I want to touch on a subject that is very real for many of you girls in school. With all of you facing a new school year, the subject of fitting in and bullying is a hot topic for many anti-bullying campaigns and Anti-Bullying organizations across the web.

Bully-awareness and intolerance is becoming a new focus, and I’m really glad that it’s finally getting some attention. But it has been around for generations, and many people (like my mother) were not as equipped to handle the harsh words back then. Understanding the mind of a bully is going to be YOUR biggest asset in being strong, getting through the difficulties and staying true to your beautiful self.

It’s important for me to express this for anyone reading:  The problem is NEVER about YOU when it comes to bullying behavior from others.  

I’m going to say it again: It’s has nothing to do with you.  You are beautiful, talented and amazing just as you are.  You may not fully see that right now, but you will (I promise).

What makes a person bully another is a sense of powerlessness.  It may sound strange but it is the truth.  A bully finds a target, for whatever reason it may seem like on the surface, and attacks because it makes her/him feel safer, better, more powerful (in control) or significant. The underlying emotion behind most people who bully is fear and insecurity.  It’s a reaction to an inner turmoil that they are personally experiencing.  We don’t always know what’s going on at home to cause the bully to lash out, but more times than not, there are issues.
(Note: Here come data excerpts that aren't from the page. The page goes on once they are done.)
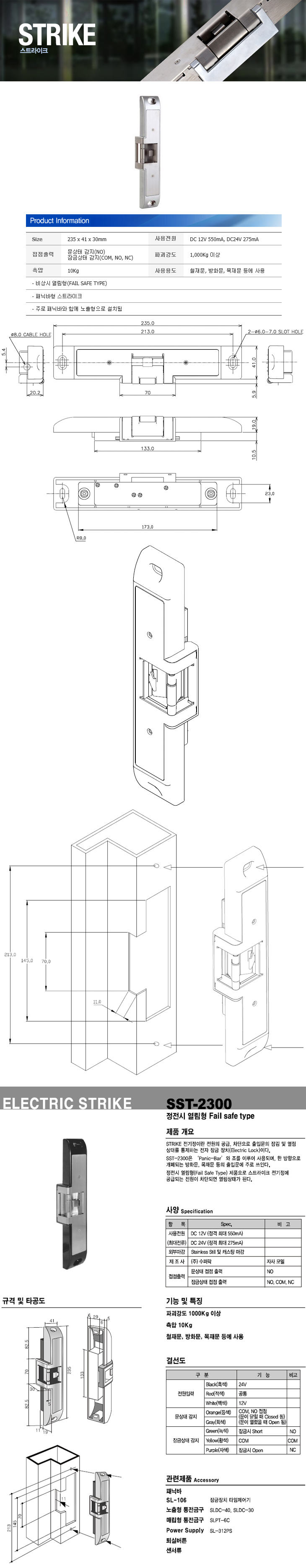 [SU] ½ºÆ®¶óÀÌÅ©¶ô(SST-2300, Á¤Àü½Ã¿­¸²Çü, DC12/24V, öÀç¹®/¹æÈ­¹®/¸ñÀç¹®, ÆÐ´Ð¹ÙÇü, 235x41x30mm)(Strike Lock)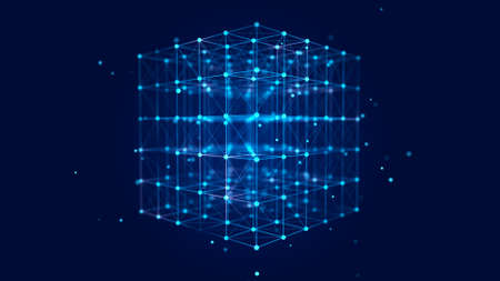Abstract technology background with lines connecting dots of poly cube and blurred lines. Analytics algorithms data. Big data. Quantum cryptography concept. Banner for business, science and technology.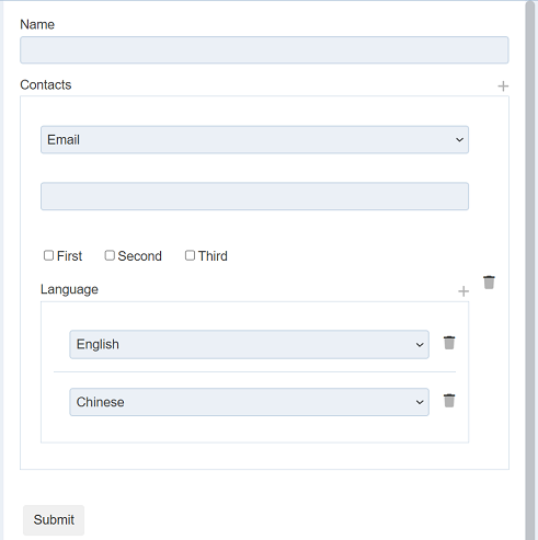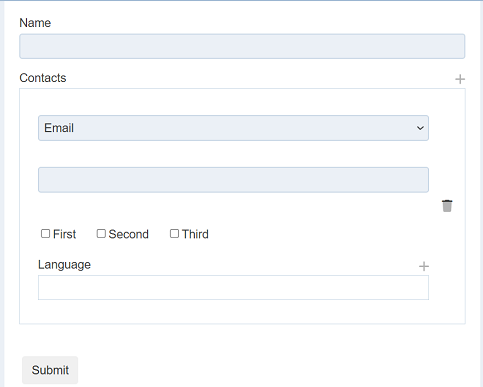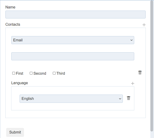 The first Repeater component is the “Contacts” section and the second Repeater component is the “Language” section. To add a contact, click on the “+” icon on the right of the “Contacts” section. The “Contacts” section will expand and display the components within it. To add more contacts, click on the “+” icon and the Repeater component will duplicate itself and display in the form.

I was lucky enough to not be the one bullied quite so much in school, but my sister did and I had close friends who were.  I do remember a time in the 7th grade when a boy thought it would be cute to make fun of me because I was on the free school lunch program that year.  What he didn’t understand was that my mom was a single parent, raising two girls on her minimum wage job.  He was a kid who seemed to have a good life, with means, but who knows what he was going through internally or at home.  Perhaps his family was having financial difficulties and he was afraid this could be his reality someday.  Over the years I realized that most of the kids who bully others are fighting their own insecurities and needs for significance in a place where significance seems to be everything.  It’s human nature to want to feel significant, so when a person feels an inadequacy in their lives, they lash out to easy targets: People who may not fight back, people who seem to have less, people who they think are “different”, people they are jealous of.
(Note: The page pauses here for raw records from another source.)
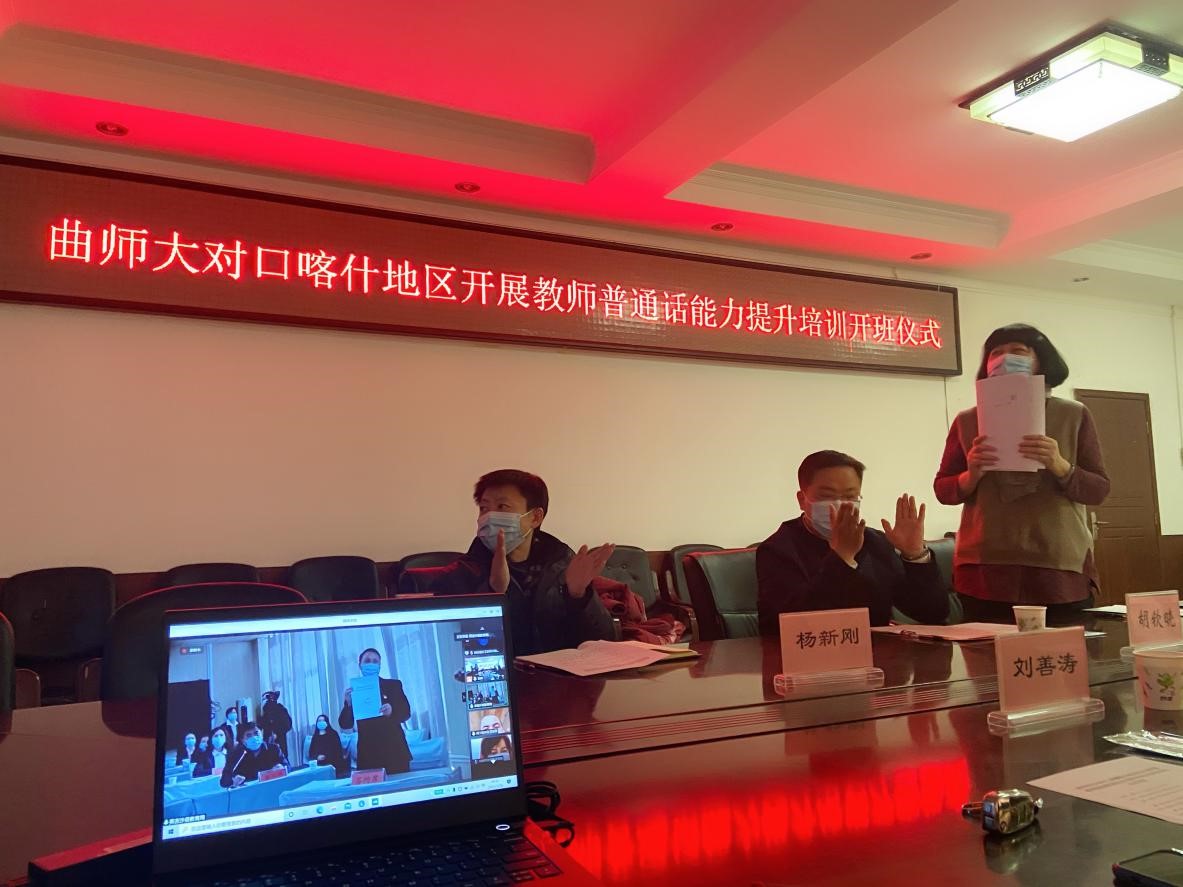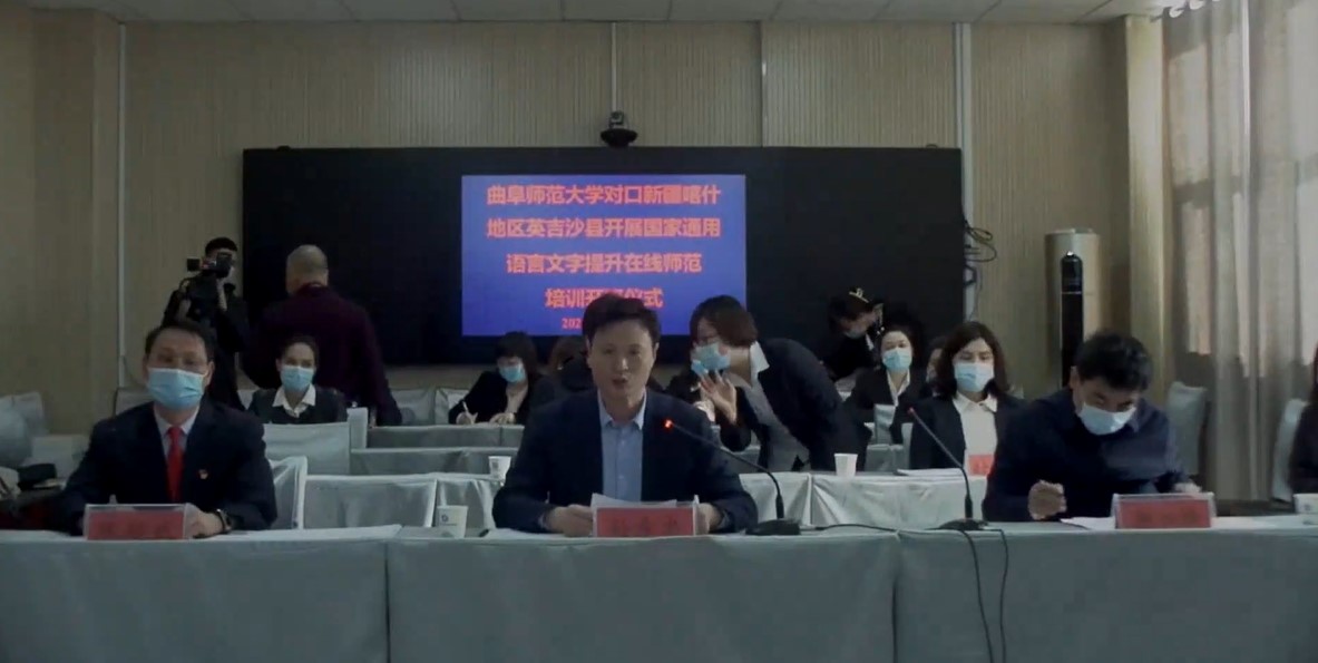 1月26日色花堂 山东省语言文字推广基地对口新疆喀什地区开展教师国家通用语言文字提升在线示范培训(喀什地区英吉沙县)正式开班。色花堂 党委常委、副校长胡钦晓教授、色花堂 院长夏静教授、教务处副处长朱献贞教授、英吉沙县委副书记、济宁市援疆指挥部党委书记、指挥孙希忠同志、英吉沙县委组织部副部长李加峰同志和培训班主讲教师及英吉沙县212名教师出席此次开班仪式。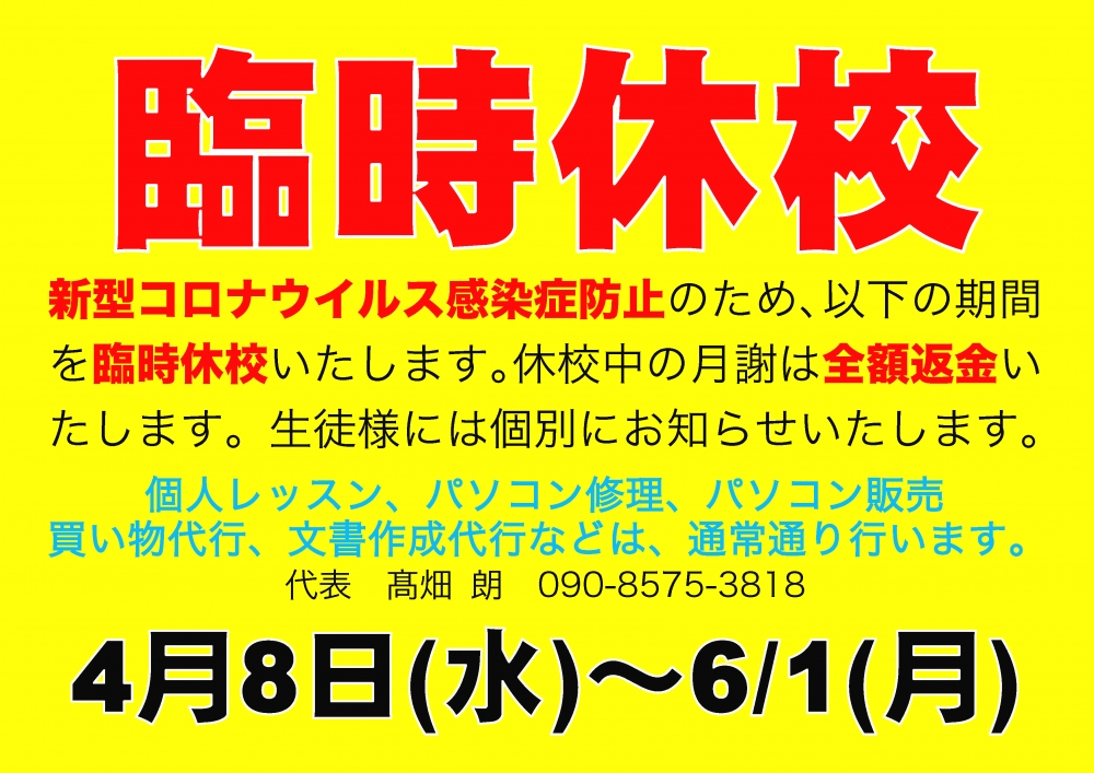 期間中、お困りの時は教室か、高畑の携帯へご連絡ください。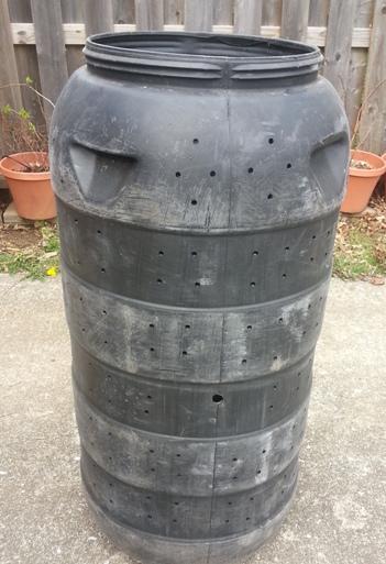 I selected a recycled 55-gallon olive drum. I like this one because it is black and because of its large lid. A black composter keeps the composting bacteria warm, which helps to generate heat, killing unwanted (weed) seeds. The large lid means grass clippings go in and retrieving the processed compost is easy. My drum is 45" tall.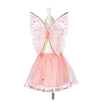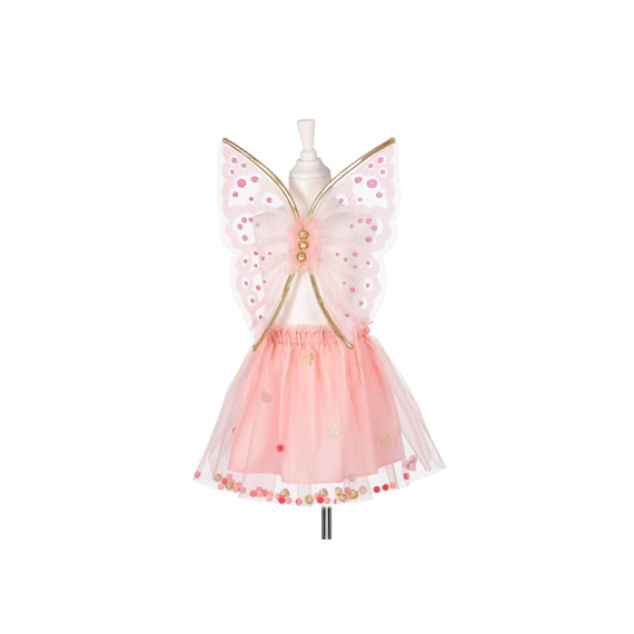 Adorable disfraz de Souza, que representa a un hada en color rosa y con finos detalles en purpurina. El disfraz consta de lo siguiente:

Bullies only reasons to hurt others is generally because they are feeling hurt, scared, or insecure. When asked, some Bullies replied:

  • Because it makes me feel stronger, smarter, or better than the person I’m bullying (insecurity, significance)
  • Because I’m bullied at home (learned behavior; sense of powerlessness)
  • Because it’s what you do if you want to hang out with the right crowd (the need for acceptance, significance)
  • Because I see others doing it (the need for acceptance, fear of not fitting in)
  • Because I’m jealous of the other person (Insecurity, feelings of inadequacy)
  • Because it’s one of the best ways to keep others from bullying me (fear, the need to feel power, sense of powerlessness otherwise).
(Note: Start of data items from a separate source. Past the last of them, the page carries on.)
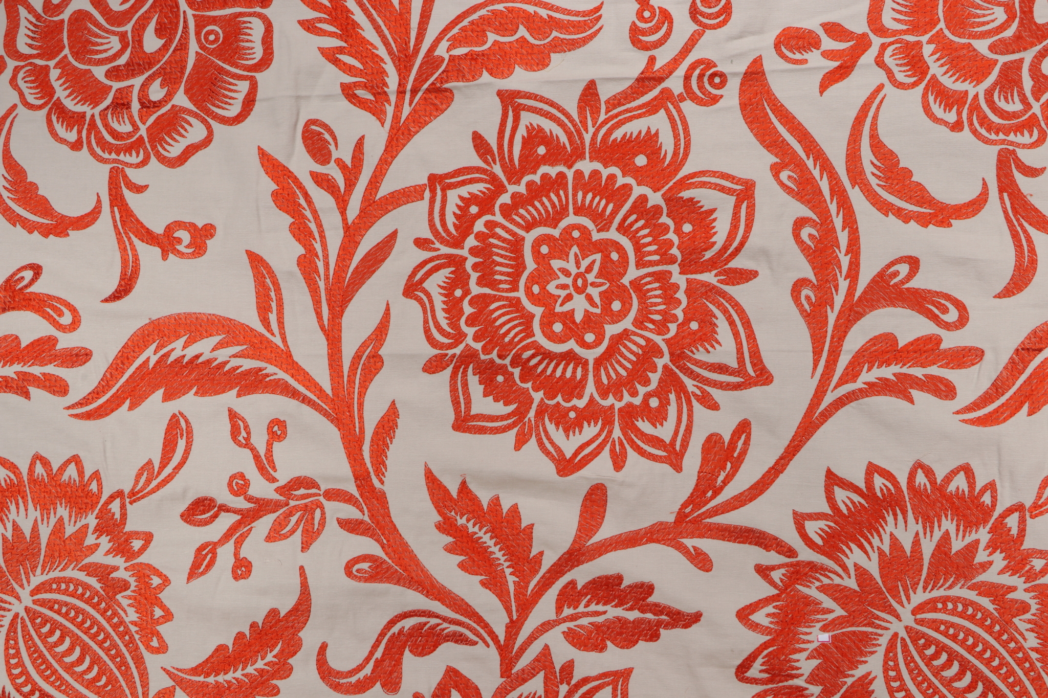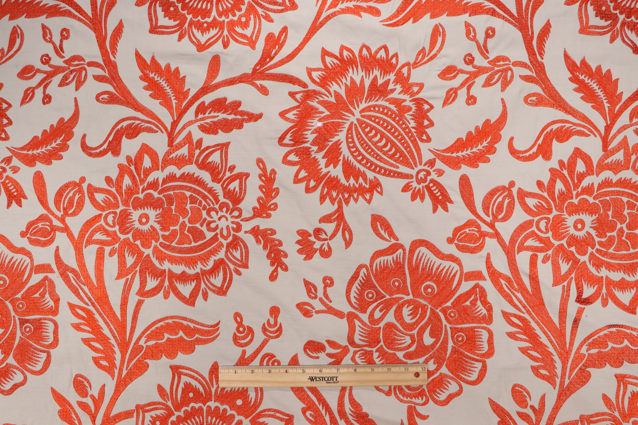 Thibaut Rivera W713047 Embroidered Drapery Fabric in Coral on Flax is a remnant. Fabric remnants refer to leftover pieces of fabric from production runs at manufacturing sites or pieces that remain from by the yard stock. The lengths of these remnants can vary from a few inches to several yards and are typically sold at a reduced price, since they represent remaining inventory.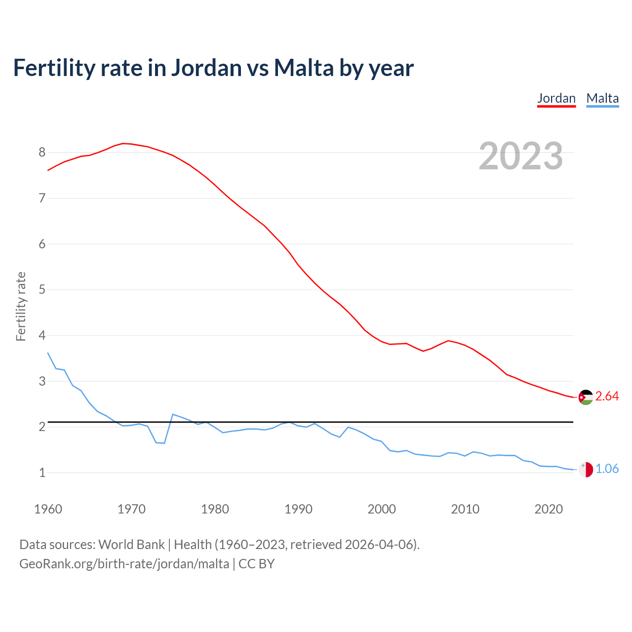 1960 vs 2023, the fertility rate has decreased by 65.3% in Jordan and by 70.7% in Malta — in 1960, it was 7.6 and 3.62, respectively.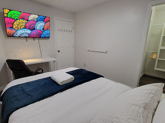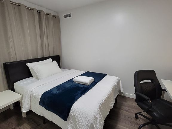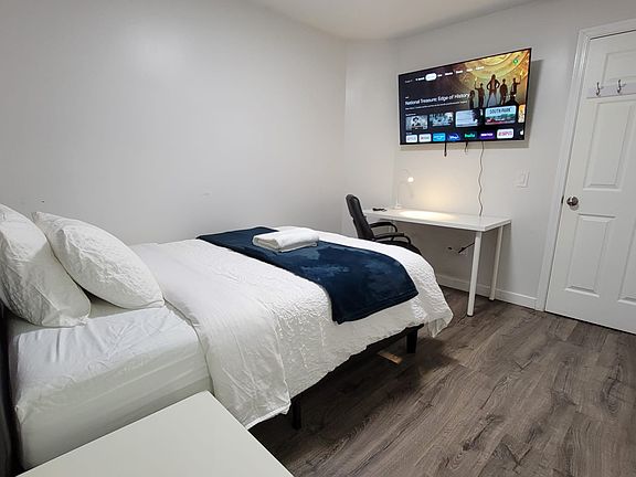 This private bedroom with a 10 sqft wardrobe and a view is a newly furnished full-size bed with a firm mattress. The room is provided with a blackout curtain, a working desk, and an ergonomic working chair. A 50" smart TV with a built-in Roku is also provided for your entertainment privacy.

The girls I was friends with in school who were bullied were (are) amazing girls with talents, smarts, loyalty, depth, charm and sincerity. There was never a moment in my friendship with them where I thought anything less of them than perfect.  They were the ones who may have been misunderstood in school, but in my mind, they were the ones who shined the brightest. For anyone reading this who may be going through a difficult time with cyber-bullying or bullying in your circle of friends or a peer at school, just know that you are perfect the way you are. People say mean things because that is what they are experiencing internally.

Create distance from people who are bullies, negative, possessive, mean-spirited or disloyal. Understand that their words created by their own fears belong to only them, and the road ahead in self-acceptance for them may be a long and hard one.  Their internal battle is not yours to fight or deal with.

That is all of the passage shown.